- Theatrical release poster
- Directed by: Kodi Ramakrishna
- Written by: Satyanand (dialogues)
- Screenplay by: Kodi Ramakrishna
- Story by: SVKM Unit
- Produced by: C. H. Gandhi D. Murali
- Starring: Krishna Bhanupriya Mahesh Babu
- Cinematography: K. S. Hari
- Edited by: Suresh Tata
- Music by: Chakravarthy
- Production company: Sree Vijay Kalyan Movies
- Release date: 21 April 1989;
- Running time: 132 mins
- Country: India
- Language: Telugu

= Gudachari 117 =

Gudachari 117 is a 1989 Indian Telugu-language spy film directed by Kodi Ramakrishna.
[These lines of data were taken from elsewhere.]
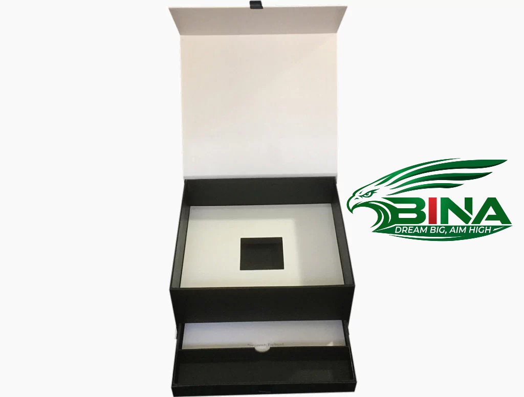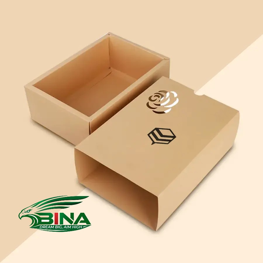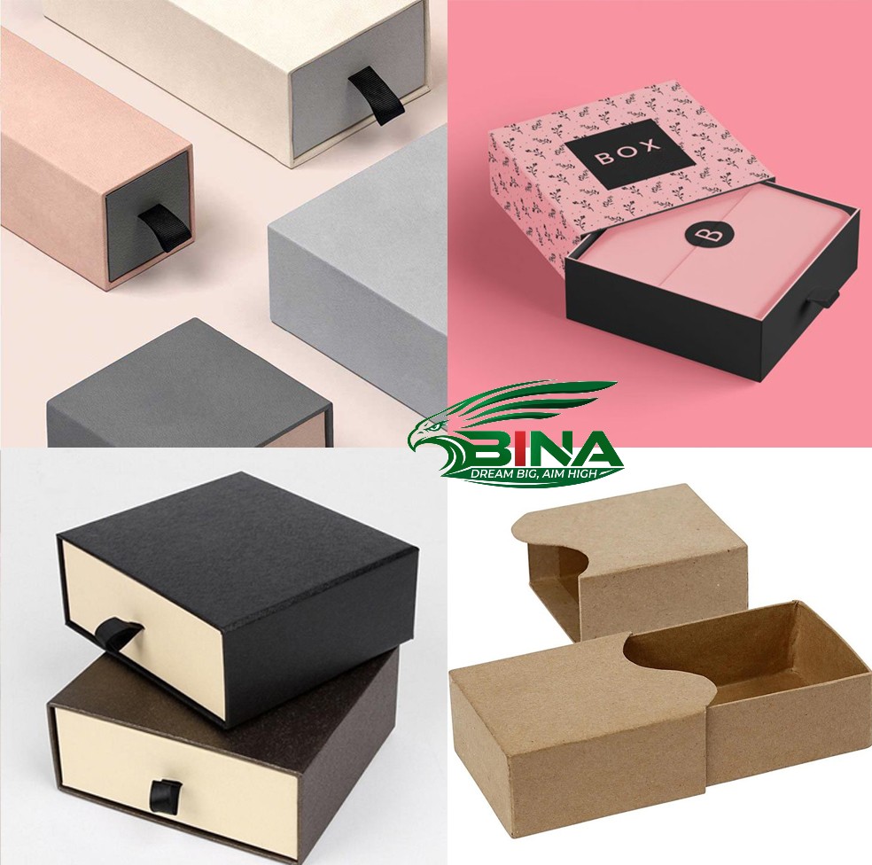 - Đóng gói quà tặng: Hộp ngăn kéo bằng giấy đen hoặc giấy kraft, thường có cửa sổ PVC trong suốt, phù hợp để đựng đồ trang sức và quà tặng dễ vỡ.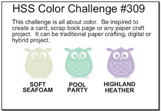 The card I created was inspired by the color challenge of Soft Sea Foam, Pool  Party and Highland Heather at Hand Stamped Sentiments.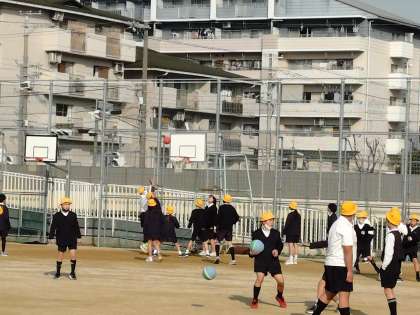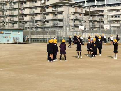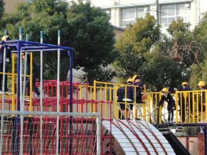 今週は比較的暖かく、たくさんの児童が運動場で遊んでいます。長縄、バスケット、遊具、おにごっこなどさまざまです。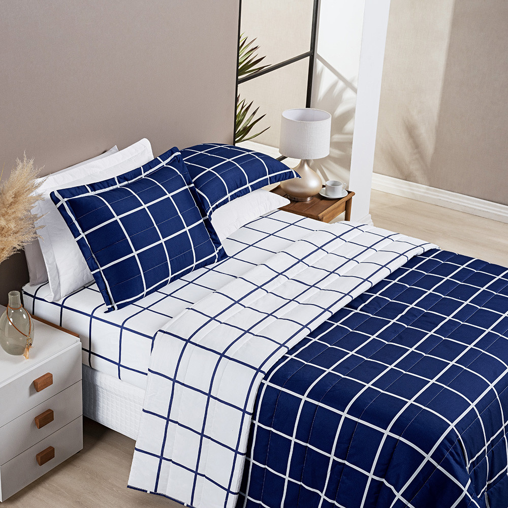 Kit Cobre Leito 3 Peças Colcha Dupla Face Matelado Percal 200 Fios Solteiro\Casal\Queen\King Austin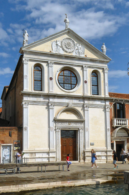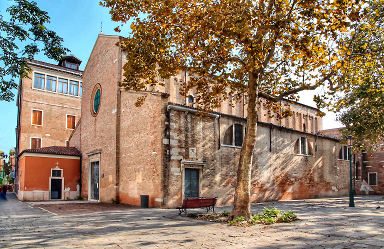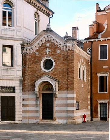 History Founded perhaps in the 10th century, this church was first mentioned in a document of 1081. It was rebuilt after a fire in 1105, but much of the original nave's brickwork remains. Reconsecrated in 1321, with interior decoration work in 1604 and 1670 by Lodovico Bruzzoni, and more restoration work in 1733. Suppression by the French followed in 1810 and the church was stripped of its art and furnishings. After a time being used as a warehouse for firewood and coal the church was acquired in 1839 by Antonangelo and Marcantonio Cavanis. Restoration work on the interior and façade followed and the church reopened in 1872 as an oratory for the nearby Educational Institute of the Cavanis. More restoration work in 1939. Art highlight Reportedly the only remaining art of note is a Guardian Angel by Lattanzio Querena. Lost art The Coronation of the Virgin by Michele Giambono (see below), now in the Accademia, was commissioned in 1447 by Giovanni Dotto for the high altar here. The commission came with the stipulation that the work be finished in a year and be an exact copy of the Coronation of the Virgin by Antonio Vivarini and Giovanni d'Alemagna in San Pantalon. One scholar has argued that this Accademia Coronation is also the work of Antonio Vivarini and Giovanni d’Alemagna and not Giambono's work for this church at all. Giambono also designed mosaics - he signed the mosaic of the architecture-dominated Presentation of Mary in the Temple in the Mascoli chapel in San Marco, amongst other scenes from the life of the Virgin, the creation of which he was also involved with. The inspiration for both of these Coronations has been identified as the version painted by Guariento di Arpa in the Palazzo Ducale ![]() Campanile Was also 12th-century (see map below) but demolished in 1837-38. The lower part still stands, though, topped by a three-arched bell tower. Opening times Only the door to the little chapel to the left of the main entrance ever seems to be open. It is said to host services on weekdays at 7.30. Vaporetto Zattere map ![]() |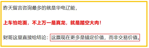 就拿上周的华电辽能来说,当时后台一堆兄弟问财哥。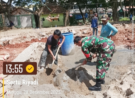 Dalam kegiatan tersebut, Pelda Gugi, Babinsa wilayah Kali Timbang Koramil Cilegon, bersama staf Kelurahan Kali Timbang dan masyarakat setempat melaksanakan pembersihan lingkungan sekaligus mendukung pelaksanaan pembangunan gedung KDKMP di wilayah Kelurahan Kali Timbang,

It stars Krishna, Bhanupriya, Mahesh Babu with music composed by Chakravarthy. The film was produced by C. H. Gandhi and D. Murali under the Sree Vijay Kalyan Movies banner. It was a commercial success, and had a 100-day theatrical run at the box office.

==Plot==
The film begins with 4 scientists who come up with a plan to create a powerful satellite, however, they are kidnapped by a terrorist organization. The rest of the story revolves around the protection of scientists and restoring the satellite by Chandrakanth, Secret Agent 117.

==Cast==
- Krishna as Chandrakanth, Secret Agent 117
- Bhanupriya as Jhansi & Rekha (dual role)
- Mahesh Babu as Chinna
- Murali Mohan as D.I.G. Bhargav
- Gollapudi Maruthi Rao as Gajakarnam
- Giri Babu as Gookarnam
- Ahuti Prasad as Vinod
- Chalasani Krishna Rao as Supremo
- C. S. Rao as Pilot
- Chakrapani as Co-Pilot
- Bhimeswara Rao as Scientist Sarma
- Baby Raasi as Baby

==Soundtrack==

Music composed by Chakravarthy. Lyrics were written by Veturi. The music released on AMC Audio Company.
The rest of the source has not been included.